When I first began my recovery journey and started sharing my story in the rooms, I could barely get a sentence out without crying. There were times when I’d just introduce myself and break into tears. I remember watching cartoons with my kids and crying over Wiley Coyote falling off a cliff after the Roadrunner tricked him for the umpteenth time. I don’t know why he never learned his lesson.
I did a little research and it appears that the gender gap of crying is a fairly recent development. In a 2015 essay in Aeon, author Sandra Newman gives numerous examples of noble men crying their eyes out throughout history and how the more recent industrial era played a large role in stigmatizing crying men in order to make them more productive worker bees.
To the factory owner, men standing around sharing their emotions was a waste of precious time that could be spent on making widgets.
We get mixed messages from our society telling us that crying is a sign of strength then showing us through their reactions that they really don’t believe it.
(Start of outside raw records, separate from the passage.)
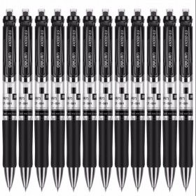 得力(deli)0.5mm按動中性筆辦公簽字筆 子彈頭黑色12支/盒 辦公用品S01
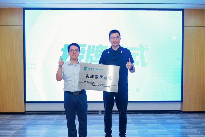 仪式上,罗任飞副院长向广东超凡信息科技有限公司授予“广东财经大学实践教学基地”牌匾。肖炯恩副教授作为分享嘉宾,围绕《跨境电商新格局:全球贸易重构下的战略机遇》主题进行了专题分享。仪式后,两位老师随学校出访团队与惠阳区工业和信息化局刘海涛局长等领导进行了交流。
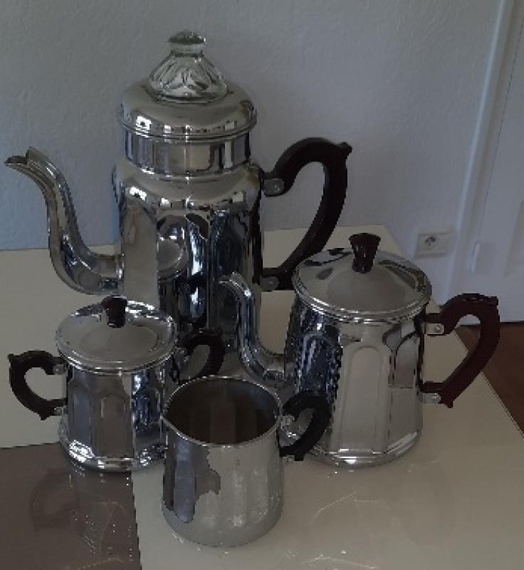 théière, complète, h 28 cm + sucrier pot à lait, cuivre chromé, année 50 + bonbonnières/sucriers, verre + vaisselle très ancienne, terre d'acier ste uze + service café/dessert (ph)

Recent men of power like Speaker John Boehner have been fodder for ridicule in many of the media outlets for his unwillingness to suppress his true nature as an emotional being. Regardless of his ideologies I have great admiration for his strength.
When I reflect on all the harmful things I did to myself and those I loved through my addictions, I see that I was a survivor. Back in the day our very survival depended on not appearing weak to the tribe and I guess that’s still true today. The difference is we have so many more tribes to choose from today with just as many varying viewpoints. Why not choose the one that empowers us to live true to ourselves?
So, the next time you get the urge to “cry like a baby”, or “cry like a little bitch”, don’t do it.
Instead cry your fucking eyes out like a POWERFUL MAN who is not afraid to fully feel and express the emotions that make him who he is.
Then see how that feels. I’m guessing it will feel better than the guilt that comes from a relapse.